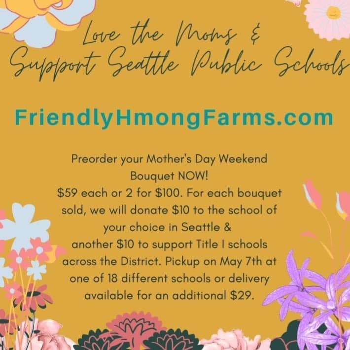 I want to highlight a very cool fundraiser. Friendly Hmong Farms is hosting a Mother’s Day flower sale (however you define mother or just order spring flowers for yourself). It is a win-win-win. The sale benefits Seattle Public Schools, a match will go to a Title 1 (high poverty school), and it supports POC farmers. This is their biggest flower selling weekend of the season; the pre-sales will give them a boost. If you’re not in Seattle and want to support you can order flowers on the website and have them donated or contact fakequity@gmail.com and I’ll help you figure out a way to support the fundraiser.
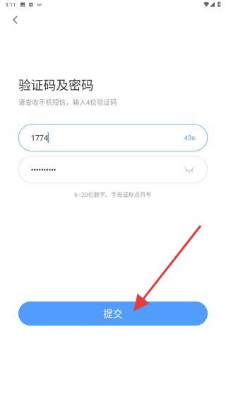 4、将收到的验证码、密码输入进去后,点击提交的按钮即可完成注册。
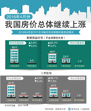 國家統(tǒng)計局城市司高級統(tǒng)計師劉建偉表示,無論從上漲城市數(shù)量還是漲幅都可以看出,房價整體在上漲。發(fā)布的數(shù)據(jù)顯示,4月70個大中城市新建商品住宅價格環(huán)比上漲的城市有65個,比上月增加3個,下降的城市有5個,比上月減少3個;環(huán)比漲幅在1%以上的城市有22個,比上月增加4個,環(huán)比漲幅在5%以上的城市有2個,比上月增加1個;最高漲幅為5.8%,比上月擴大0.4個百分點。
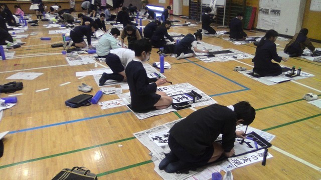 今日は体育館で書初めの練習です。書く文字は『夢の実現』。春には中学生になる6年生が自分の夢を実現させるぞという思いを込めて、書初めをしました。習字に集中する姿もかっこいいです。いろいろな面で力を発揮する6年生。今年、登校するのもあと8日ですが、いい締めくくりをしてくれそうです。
:::::
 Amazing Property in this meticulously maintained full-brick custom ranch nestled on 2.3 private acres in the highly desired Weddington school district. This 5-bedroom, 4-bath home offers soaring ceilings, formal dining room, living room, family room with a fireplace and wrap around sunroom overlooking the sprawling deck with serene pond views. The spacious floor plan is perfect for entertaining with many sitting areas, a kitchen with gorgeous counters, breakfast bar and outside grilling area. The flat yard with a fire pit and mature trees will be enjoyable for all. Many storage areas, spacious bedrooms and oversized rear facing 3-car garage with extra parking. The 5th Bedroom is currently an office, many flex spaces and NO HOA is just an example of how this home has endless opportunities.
:::::
*REQUIRED ACTION*. Please repeat, exactly as written, the lines in the records above, starting with the one that has "國家統(tǒng)計局城市司" and going on through the one that has "今日は体育館で書初めの練習で". Pictures are to be left out.

*YOUR RESPONSE*.
 國家統(tǒng)計局城市司高級統(tǒng)計師劉建偉表示,無論從上漲城市數(shù)量還是漲幅都可以看出,房價整體在上漲。發(fā)布的數(shù)據(jù)顯示,4月70個大中城市新建商品住宅價格環(huán)比上漲的城市有65個,比上月增加3個,下降的城市有5個,比上月減少3個;環(huán)比漲幅在1%以上的城市有22個,比上月增加4個,環(huán)比漲幅在5%以上的城市有2個,比上月增加1個;最高漲幅為5.8%,比上月擴大0.4個百分點。
 今日は体育館で書初めの練習です。書く文字は『夢の実現』。春には中学生になる6年生が自分の夢を実現させるぞという思いを込めて、書初めをしました。習字に集中する姿もかっこいいです。いろいろな面で力を発揮する6年生。今年、登校するのもあと8日ですが、いい締めくくりをしてくれそうです。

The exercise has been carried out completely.